THE DATA
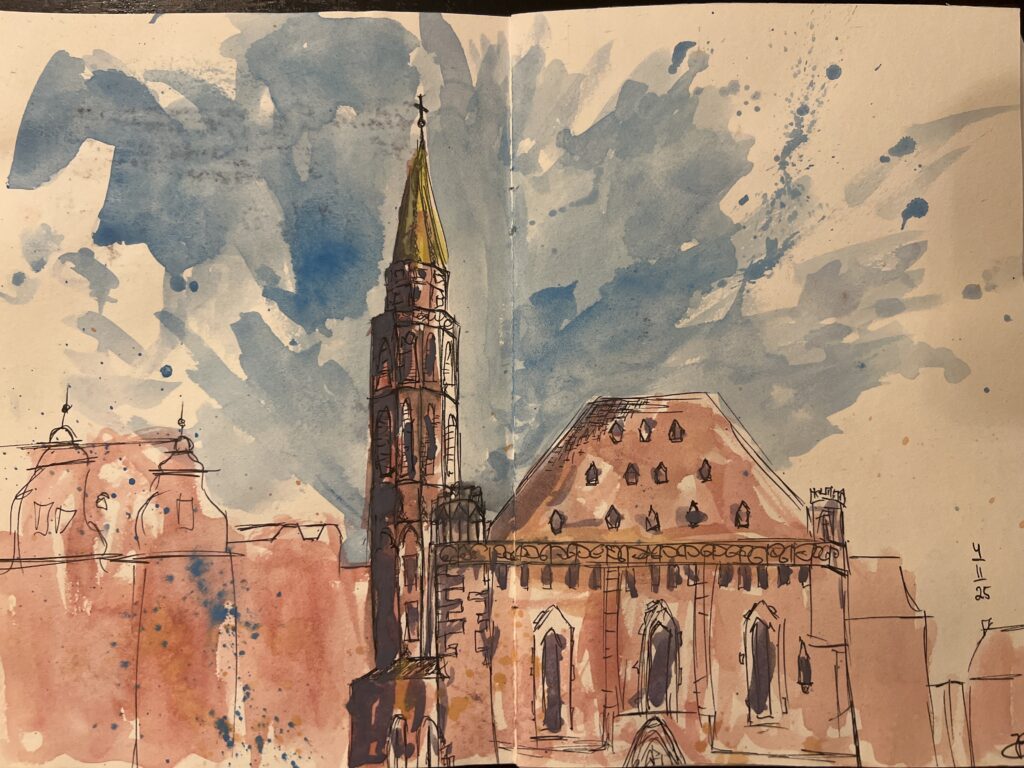 Während die Klasse 12FOG1 im „museum angewandte kunst“ im Rahmen eines Workshops töpfert, fertigt die Klasse 11FOG1 ihre Skizzen im Format des Urban Sketchings am Römerberg an.
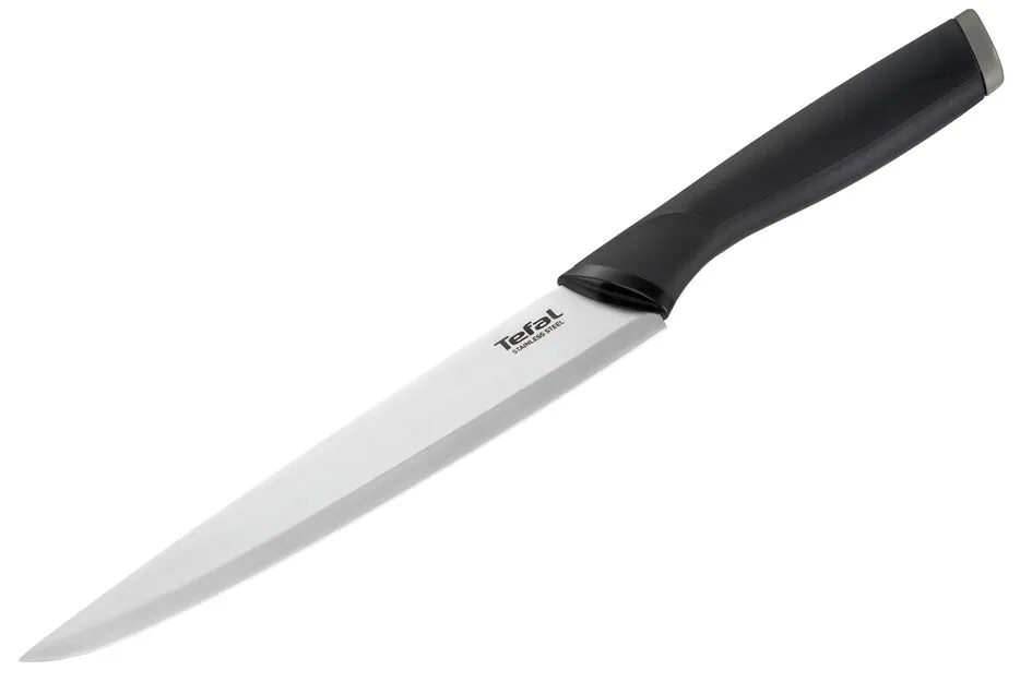Набір ножів Tefal Comfort з підставкою K221SA04 – ідеальний набір для щоденного домашнього використання. Ергономічна форма рукоятки для оптимального комфорту, зручності використання та ідеального контролю різання. Ножі виготовлені з високоякісної нержавіючої сталі, що гарантує ідеальне нарізування інгредієнтів щоразу. Кожен ніж має особливу форму та призначення, для роботи з певними продуктами. Спеціальна піктограма вказує на кожну комірку ножа на блоці для зручного зберігання. Гумові ніжки, що не ковзають захистять вашу стільницю.
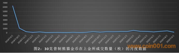 ??????2.兩年來,30克普制熊貓金幣在上金所進行交易的月度變化數(shù)據(jù)分別見圖2和圖3。
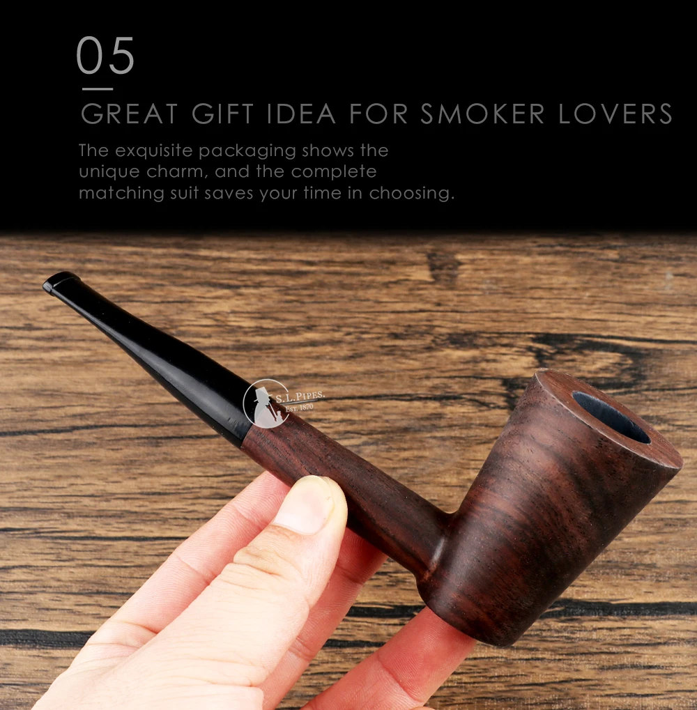● Высококачественная деревянная труба изготовлена из изысканной структуры, высокой плотности, высокой гладкости после шлифования, полировки и коррозионной стойкости, элегантного дизайна и элегантного внешнего вида. Дарите подарки любым любителям труб.
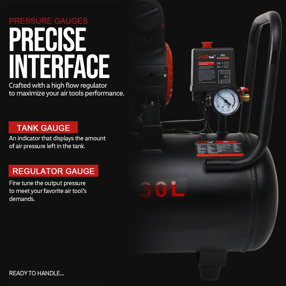 JLD 1HP 30L Oilless Air Compressor Silent Kompresor Angin Mini Listrik Tanpa Oli
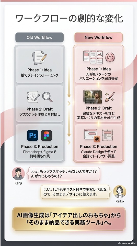 その結果、AI画像生成は「アイデア出しや参考素材を作るおもちゃ」という位置づけにとどまっていました。
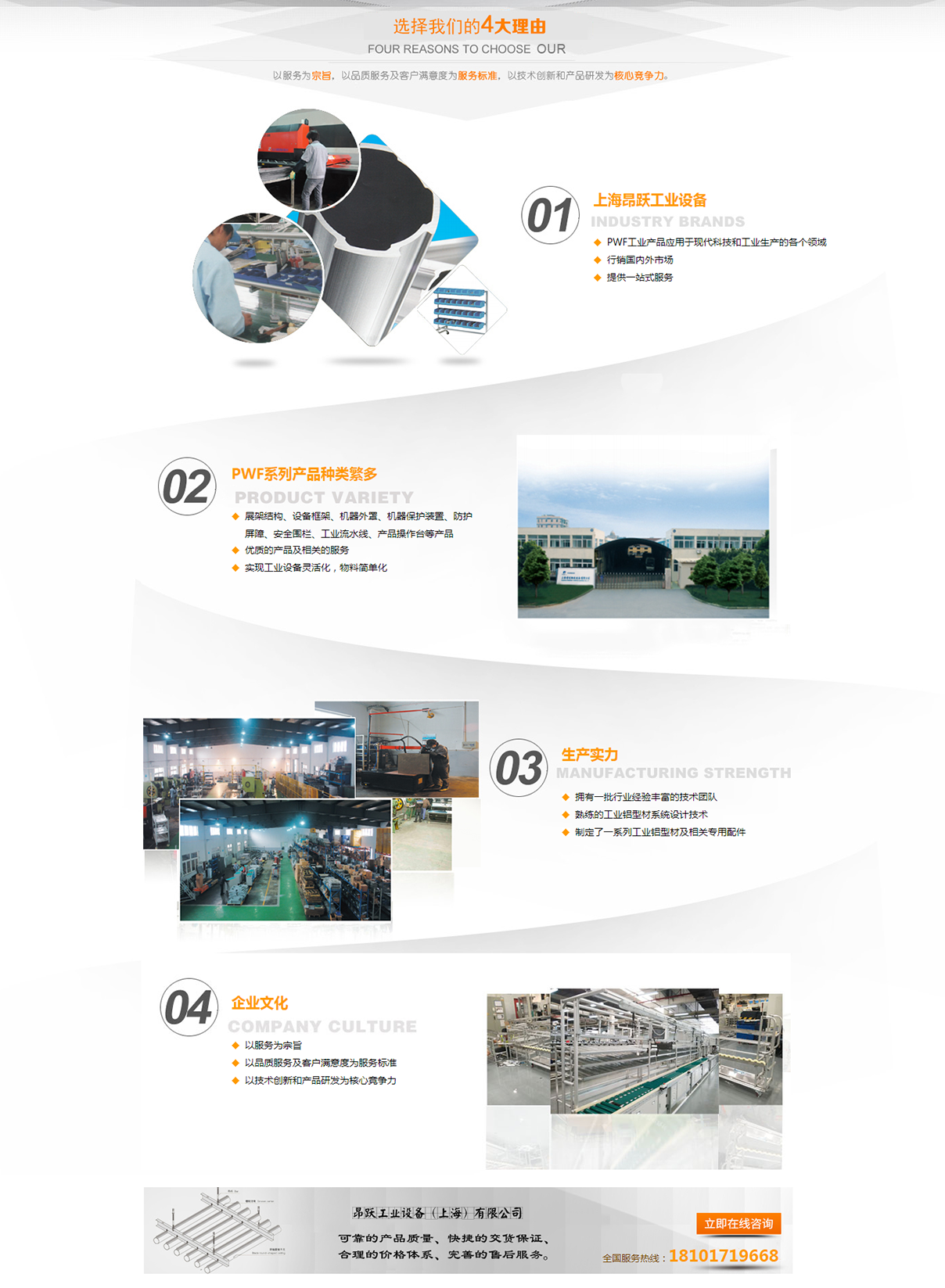 昂躍工業(yè)(上海)有限公司于2012年成立以來(lái),我們秉承以服務(wù)為宗旨,以品質(zhì)、服務(wù)及客戶滿意度為服務(wù)標(biāo)準(zhǔn),以技術(shù)創(chuàng)新和產(chǎn)品研發(fā)為核心競(jìng)爭(zhēng)力。從產(chǎn)品的模具設(shè)計(jì)研發(fā)到擠壓生產(chǎn),從產(chǎn)品精加工到表面處理,從簡(jiǎn)單的鋁型材框架加工到全自動(dòng)流水線裝置系統(tǒng)化制造,我們以曾經(jīng)和正在為各行業(yè)翹楚公司提供產(chǎn)品和服務(wù)為驕傲!
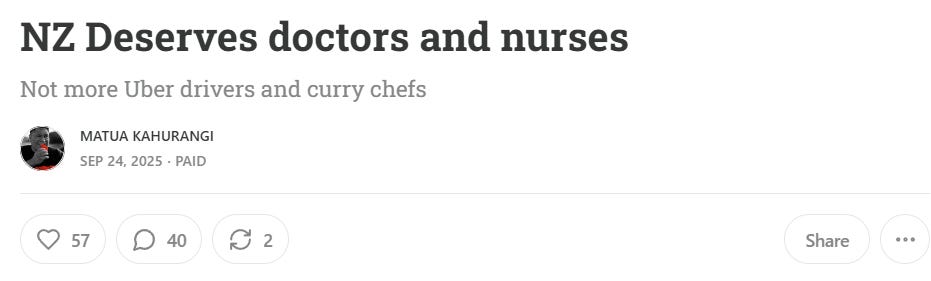 It’s not just about deportation. We need to stop pretending that every new arrival is automatically an “asset” to New Zealand. I said it last week and I’ll say it again: we need more doctors and nurses, not more Uber drivers and chefs. That statement may have upset some people, but it wasn’t said to insult anyone - it was said because it’s true. Our immigration priorities are completely out of balance. Our infrastructure cannot handle more Uber drivers and their six children.
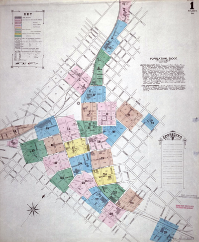 Index map to Sanborn Fire Insurance Company's maps of Atlanta in 1886, the first in a series of Sanborn maps that were produced periodically until after World War II. (Digital Libary of Georgia, <http://dlg.galileo.usg.edu/sanborn>, accessed 26 February 2013) |
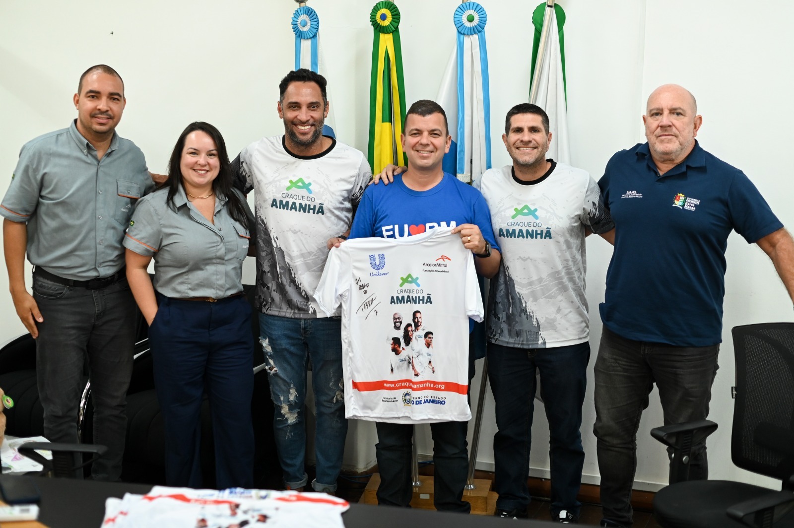 “Por experiência própria, o esporte é um grande canal de foco, determinação, busca e concretização de objetivos”. Com esta fala, o prefeito e ex-atleta do futsal, Luiz Furlani, recebeu na tarde desta quarta-feira, dia 8, o ex-jogador Ibson Silva – meia que se destacou em clubes como o Flamengo. Além dele, representantes da ArcelorMittal; o coordenador do Projeto Craque do Amanhã, Felipe Soares; e o secretário de Esporte, Mário Jorge Ferreira.
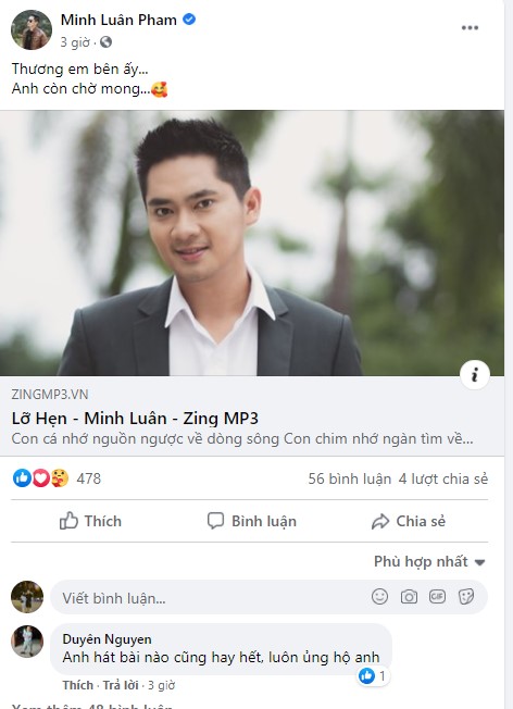 Mới đây, nam diễn viên đã đăng tải lên trang cá nhân lại bài hát ‘Lỡ hẹn’ do chính mình thể hiện với trạng thái đầy nhớ nhung và hối tiếc: “Thương em bên ấy...Anh còn chờ mong.”

PROBLEM STATEMENT
Give the listing again, exactly as it appears, but without its images.

RESPONSE BOX
 Während die Klasse 12FOG1 im „museum angewandte kunst“ im Rahmen eines Workshops töpfert, fertigt die Klasse 11FOG1 ihre Skizzen im Format des Urban Sketchings am Römerberg an.
Набір ножів Tefal Comfort з підставкою K221SA04 – ідеальний набір для щоденного домашнього використання. Ергономічна форма рукоятки для оптимального комфорту, зручності використання та ідеального контролю різання. Ножі виготовлені з високоякісної нержавіючої сталі, що гарантує ідеальне нарізування інгредієнтів щоразу. Кожен ніж має особливу форму та призначення, для роботи з певними продуктами. Спеціальна піктограма вказує на кожну комірку ножа на блоці для зручного зберігання. Гумові ніжки, що не ковзають захистять вашу стільницю.
 ??????2.兩年來,30克普制熊貓金幣在上金所進行交易的月度變化數(shù)據(jù)分別見圖2和圖3。
● Высококачественная деревянная труба изготовлена из изысканной структуры, высокой плотности, высокой гладкости после шлифования, полировки и коррозионной стойкости, элегантного дизайна и элегантного внешнего вида. Дарите подарки любым любителям труб.
 JLD 1HP 30L Oilless Air Compressor Silent Kompresor Angin Mini Listrik Tanpa Oli
 その結果、AI画像生成は「アイデア出しや参考素材を作るおもちゃ」という位置づけにとどまっていました。
 昂躍工業(yè)(上海)有限公司于2012年成立以來(lái),我們秉承以服務(wù)為宗旨,以品質(zhì)、服務(wù)及客戶滿意度為服務(wù)標(biāo)準(zhǔn),以技術(shù)創(chuàng)新和產(chǎn)品研發(fā)為核心競(jìng)爭(zhēng)力。從產(chǎn)品的模具設(shè)計(jì)研發(fā)到擠壓生產(chǎn),從產(chǎn)品精加工到表面處理,從簡(jiǎn)單的鋁型材框架加工到全自動(dòng)流水線裝置系統(tǒng)化制造,我們以曾經(jīng)和正在為各行業(yè)翹楚公司提供產(chǎn)品和服務(wù)為驕傲!
 It’s not just about deportation. We need to stop pretending that every new arrival is automatically an “asset” to New Zealand. I said it last week and I’ll say it again: we need more doctors and nurses, not more Uber drivers and chefs. That statement may have upset some people, but it wasn’t said to insult anyone - it was said because it’s true. Our immigration priorities are completely out of balance. Our infrastructure cannot handle more Uber drivers and their six children.
 Index map to Sanborn Fire Insurance Company's maps of Atlanta in 1886, the first in a series of Sanborn maps that were produced periodically until after World War II. (Digital Libary of Georgia, <http://dlg.galileo.usg.edu/sanborn>, accessed 26 February 2013) |
 “Por experiência própria, o esporte é um grande canal de foco, determinação, busca e concretização de objetivos”. Com esta fala, o prefeito e ex-atleta do futsal, Luiz Furlani, recebeu na tarde desta quarta-feira, dia 8, o ex-jogador Ibson Silva – meia que se destacou em clubes como o Flamengo. Além dele, representantes da ArcelorMittal; o coordenador do Projeto Craque do Amanhã, Felipe Soares; e o secretário de Esporte, Mário Jorge Ferreira.
 Mới đây, nam diễn viên đã đăng tải lên trang cá nhân lại bài hát ‘Lỡ hẹn’ do chính mình thể hiện với trạng thái đầy nhớ nhung và hối tiếc: “Thương em bên ấy...Anh còn chờ mong.”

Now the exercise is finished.